私と障害との今まで

unsplash-logo Fernando @cferdo

初めてコラムを書くのでとりあえずは私の過去を振り返って、少しでも私自身の障害について自己理解を深めようと思い書かせて頂きました。少し話が長いですが、よろしくお願いします。

私、障害を気にせず幼少期を過ごす

私は幼い頃に軽度の自閉症と診断されました。両親は私の障害に理解を示してくれましたが、なるべく私を普通の子に育てようとしていたみたいです。

幼稚園の頃は、私を含めた大抵の子がまだ物の分別が付いておらず、自分勝手に過ごしていた子も多かったです。そのため私の障害の影響は殆ど感じられず、人間関係の構築に困ることもありませんでした。

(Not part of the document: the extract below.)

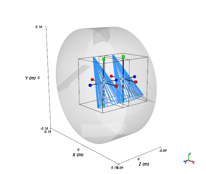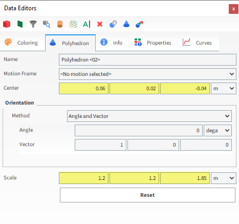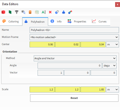 要可视化新创建的颗粒,单击View按钮。出现了一个新的Particles Details窗口,显示了(透明)颗粒几何结构、其几何中心(黄点)和质心(蓝点)。

小学生に進学して、低学年の頃は授業中にハンカチを振り回したり、周りの空気が読めずに人間関係に支障をきたす事が起こるようになりましたが、高学年になってから小学校の環境に慣れてきたのか、自分なりに学校での生活を楽しめていたと思っています。

中学生で健常者に、そして挫折

中学校に進学する時に私の転機が訪れました、両親から障害者手帳を手放さないかと相談が持ち掛けられたのです。その時の私の自閉症に対する両親の認識は、少し人付き合いが苦手という点を除けば至って健常者と変わらない子という認識で、健常者としても十分独り立ちすることが出来ると考えていました。私自身もその時は自分が障害者であるという意識を強く持っておらず、確かに自分は少し空気が読めない部分もあるが、それも私の個性として受け入れようと考えていたのと、私自身が中学校という新しい環境に対して前向きに物事を見ていたのもあり、私は中学生で一度障害者手帳を手放すことにしました。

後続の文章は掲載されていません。